Revolutions are caused by governments.

I don’t just mean that in the loose sense that tyranny will eventually provoke revolt; I mean it in a much more direct sense, namely that it is the intrinsic nature of government to continue growing ever more tyrannous until a revolution becomes inevitable.  Those in power are, as Prince said of his mother, never satisfied; they are irresistibly compelled by their own sociopathic and unquenchable thirst for control over others to continually increase the number and breadth of laws and the intensity of the viciousness of their enforcement until at some point they become, like the aforementioned musician’s father, too bold.  In less purple prose, they eventually increase the pressure on their subjects so much that an explosion inevitably occurs.  But most humans are more like sheep than doves; they will placidly endure any mistreatment from their masters, occasionally uttering an angry bleat but otherwise standing by, idly grazing while other members of the flock are herded off to the slaughterhouse.  One wonders if actual sheep have primitive thoughts somewhat akin to “he had it coming”, “she was no angel” or “the law is the law” when rams, ewes and even lambs are taken away by the herdsmen, never to be seen again; perhaps there are even apologists among them, telling the others that this is a positive good intended to protect them from bogeysheep which are often bleated about but never actually seen.  Of course, this extended metaphor is absurd in one important way: shepherds are not of their own species, and really are wiser and more able to deal with problems that might arise than the sheep themselves.  The same cannot be said of humans, who are not only herded by members of our own species, but specifically its least wise, least able members (for the simple reason that the wise and spiritually evolved do not desire to control other sentient individuals).  And since we are governed by those least capable of governing themselves, they are incapable of saying “enough” and so continue to increase the pressure until something bursts.

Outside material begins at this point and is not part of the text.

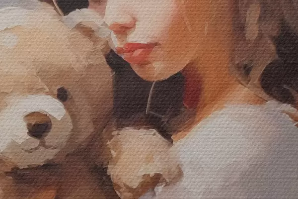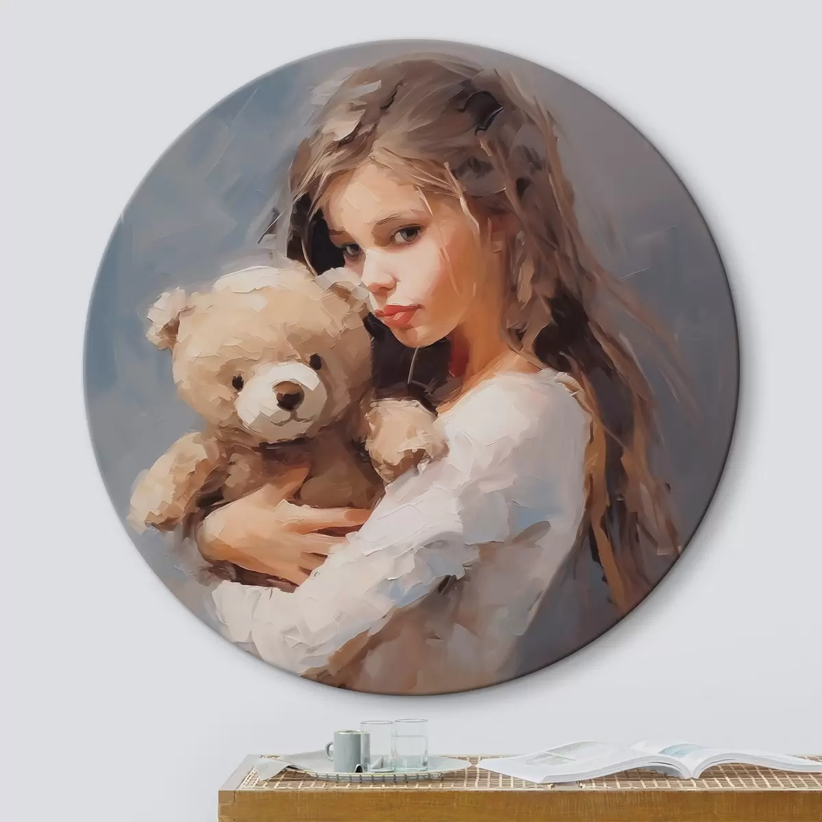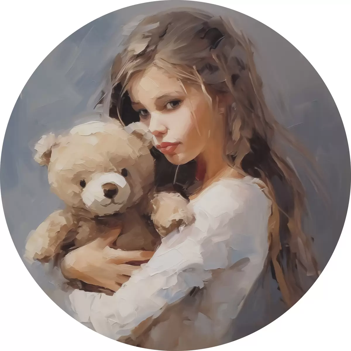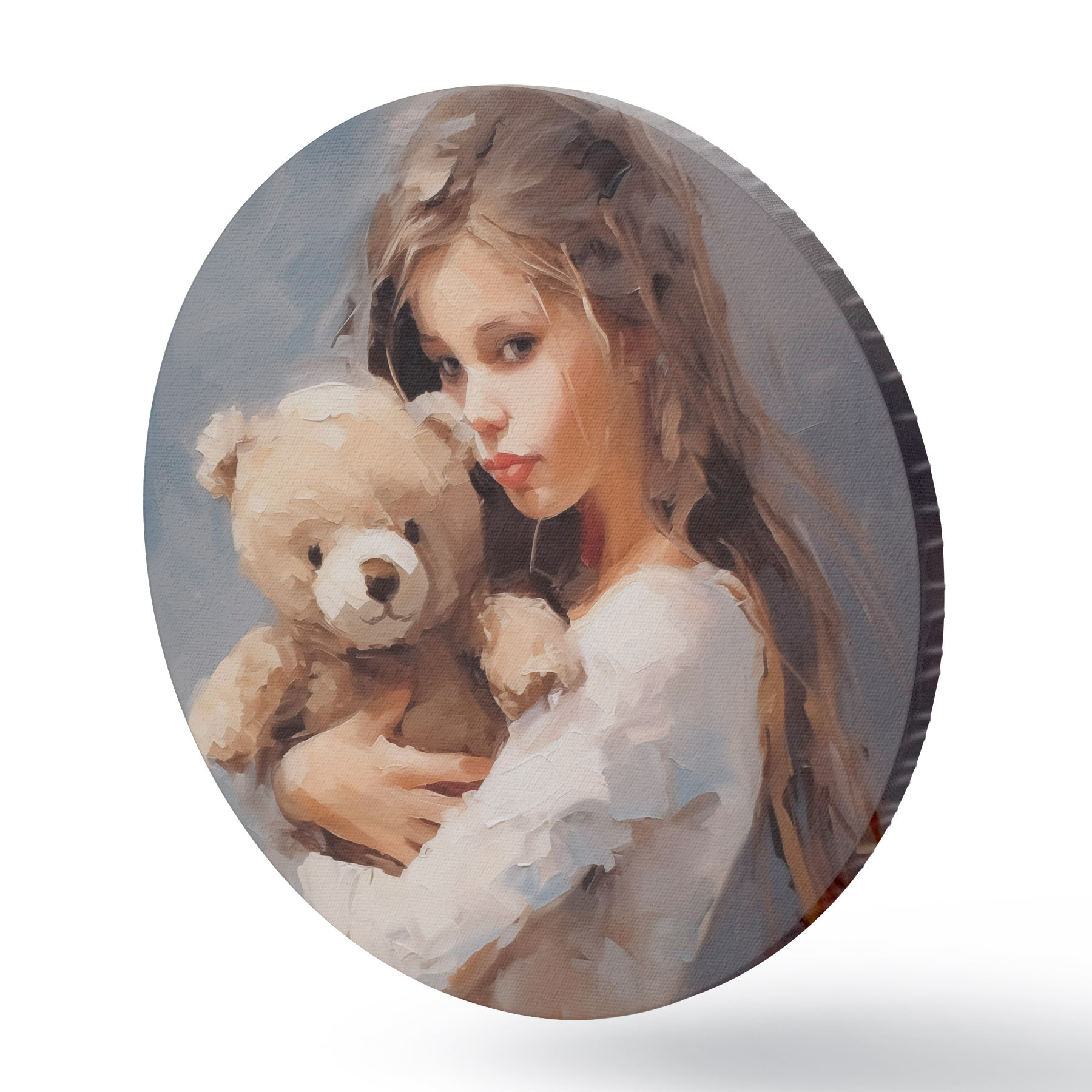 Ronde schilderijen Meisje met een speelgoedbeer, imitatie schilderij Nr r46746
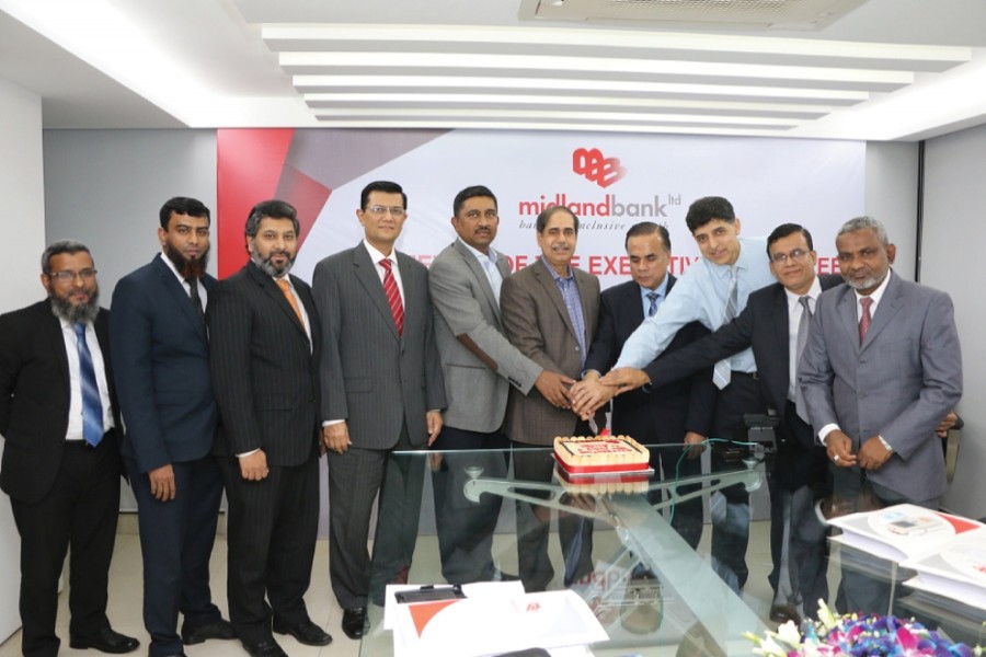 Midland Bank Limited Executive Committee (EC) Chairman Rezaul Karim cuts a cake marking the 100th EC meeting

43 years ago today, the French government discovered to its chagrin that its moronic and evil “abolitionist” policies had surpassed the point French whores were willing to endure; their cry of protest against that tyranny was heard by the entire world and spawned the worldwide sex worker rights movement which eventually won improved conditions in many countries.  Needless to say, these victories encouraged the control freaks to double down rather than simply accepting their fellow humans as human, and the “sex trafficking” myth was reanimated from its century-old grave to serve this vile purpose.  This succeeded quite well for well over a decade, but now it seems that the power-mad have once again gone too far for their own good:  sex workers are organizing like never before to fight these evil laws and policies, and this time even the less-criminalized branches of our profession are joining us.  Yesterday in the US, hundreds of whores descended upon Washington, DC and many state capitals to lobby against FOSTA and other tyrannies, and in the past few months a number of politicians all over the country have started openly opposing the criminalization of our profession, a position which would have meant political death only a few years ago.  Once again, the tyrants have gone too far; they have inflicted so much brutal violence that even the sheep are fighting back alongside bitches like me who have never submitted obediently to the control of our self-appointed masters.  As always, the tyrants have been unable to exercise enough self-control to quit while they were ahead, so that when we eventually win our rights back we will, in a strange way, have our oppressors to thank for it.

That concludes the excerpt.